Data supplied.
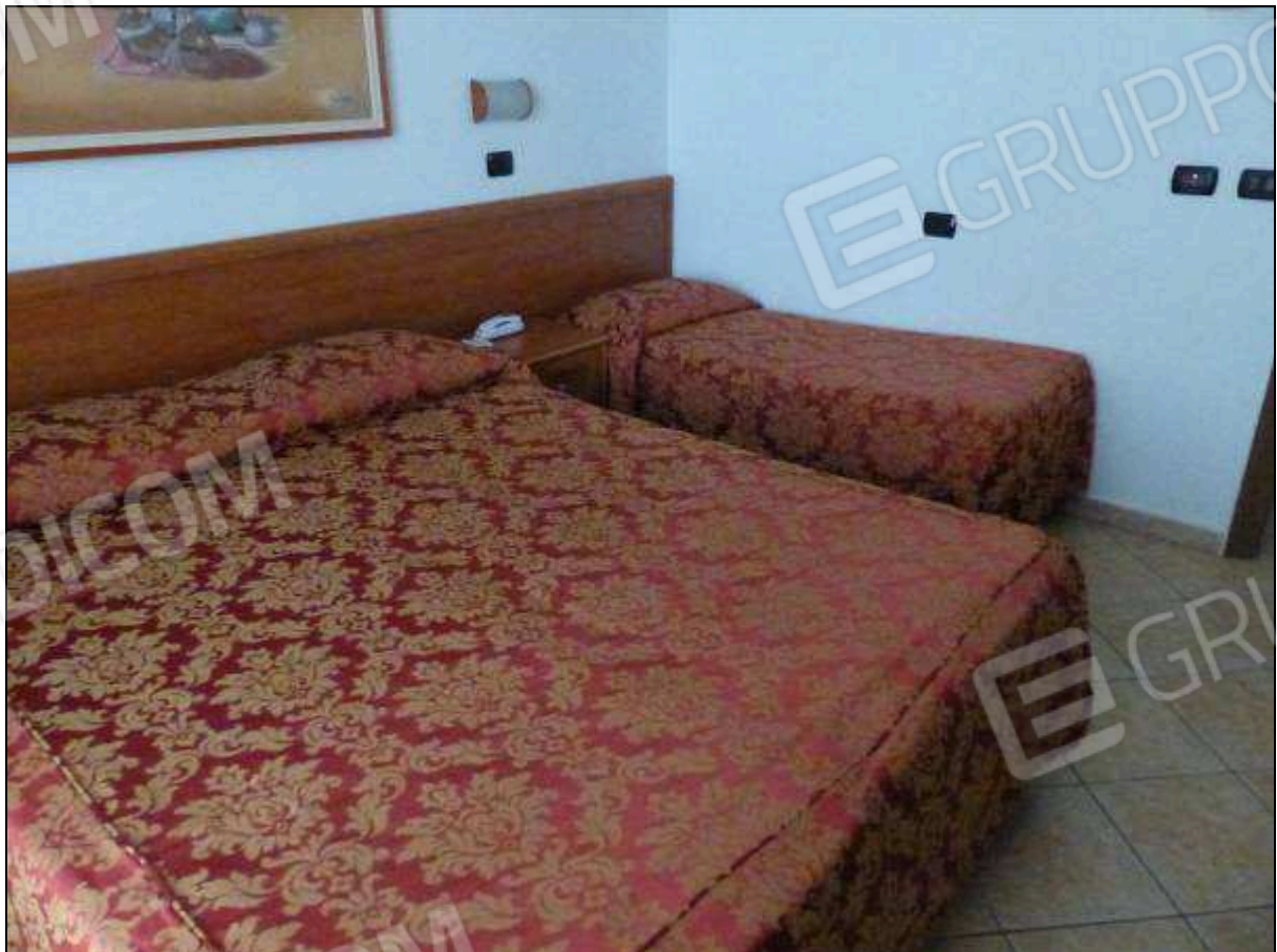
FOTO 25 - Piano terzo: camera tipo dell'albergo "Hotel ████████".
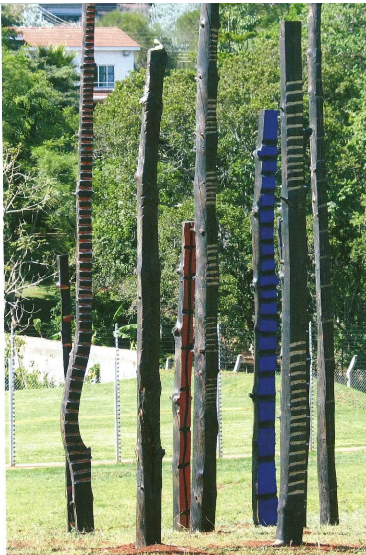
« Les arbres brûlés », United Nations Headquarters in Nairobi, 2006

27, avenue Princesse Grace « Le Formentor » MC 98000 MONACO Tel. +377 92 16 71 17 info@acamonaco.com
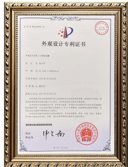
رقم براءة الاختراع: 201630655323.4
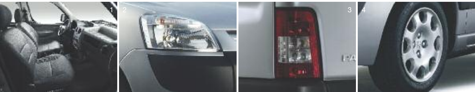
1. Interiores. 2. Faros delanteros de vidrio liso. 3. Faros traseros. 4. Ruedas de 14" con embellecedor.

El embellecedor de ruedas cierra armónicamente su imagen de resultado polivalente.
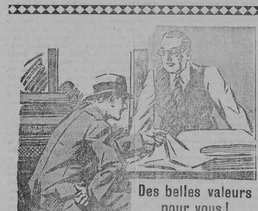
Des belles valeurs pour vous!

(Par ordre) LAMARCHE & BOUDREAULT Protonotaire de la cour supérieure district de Montcalm.
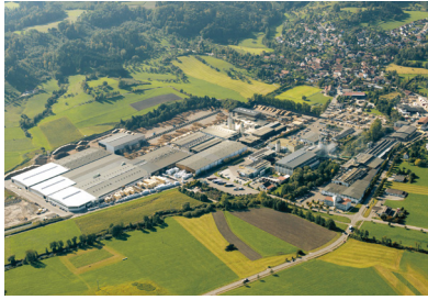
Binderholz Oberrot | Baruth GmbH Holzindustrie, Oberrot | D
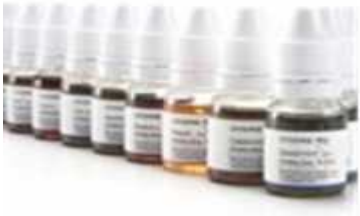
출처 : 전자담배 액상의 유해물질 분석 연구
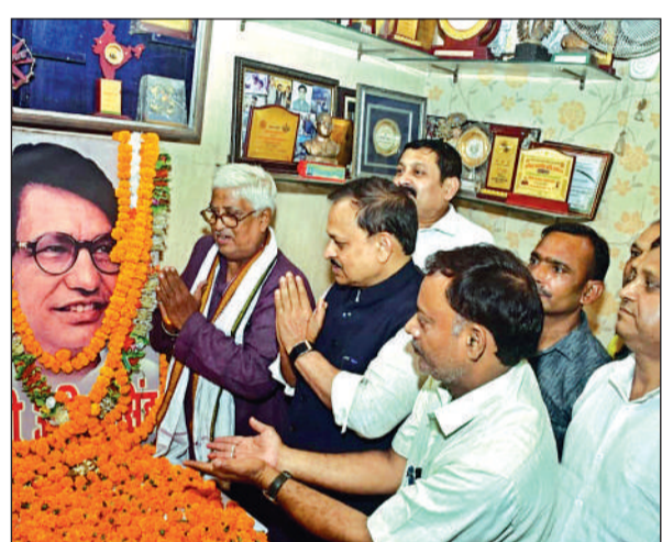
चौधरी अजीत सिंह को श्रद्धांजलि दी गई।
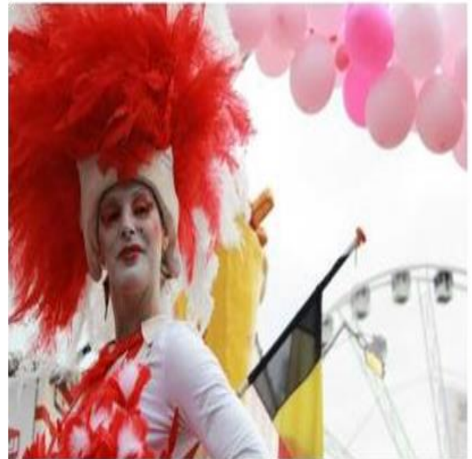
Fotobijlschrift: Roze Maandag 2011 door Anne-Marie van der Gouw (collectie Regionaal Archief Tilburg)

Daarom probeert Regionaal Archief Tilburg dit hedendaagse beeldmateriaal nu al in de collectie op te nemen. Als de archieven deze digitale foto's nu niet opslaan, zijn deze tijdsbeelden straks verdwenen. Het thema van het Stuk van het Jaar sluit aan bij de Maand van de Geschiedenis: Vriend & Vijand. Deze bijzondere foto geeft inhoud aan dat thema. De uitbundigheid van deze dag staat in contrast met de innerlijke strijd die homo-, bi- en transeksuelen soms voeren en ook in schril contrast met de soms moeizame maatschappelijk acceptatie van het 'anders' zijn. Roze Maandag is als een vriend, het plezier straalt ervan af, en als een vijand, want homohaat is geen gepasseerd station. Het archief in Tilburg verrast vriend en vijand met deze flamboyante keuze, waar de kleur vanaf spat.

Exercise objective.
Lines from the start of the material through the line containing "1. Interiores. 2." are to be restated word for word; no picture may be included.

Response area.
FOTO 25 - Piano terzo: camera tipo dell'albergo "Hotel ████████".
« Les arbres brûlés », United Nations Headquarters in Nairobi, 2006

27, avenue Princesse Grace « Le Formentor » MC 98000 MONACO Tel. +377 92 16 71 17 info@acamonaco.com
رقم براءة الاختراع: 201630655323.4
1. Interiores. 2. Faros delanteros de vidrio liso. 3. Faros traseros. 4. Ruedas de 14" con embellecedor.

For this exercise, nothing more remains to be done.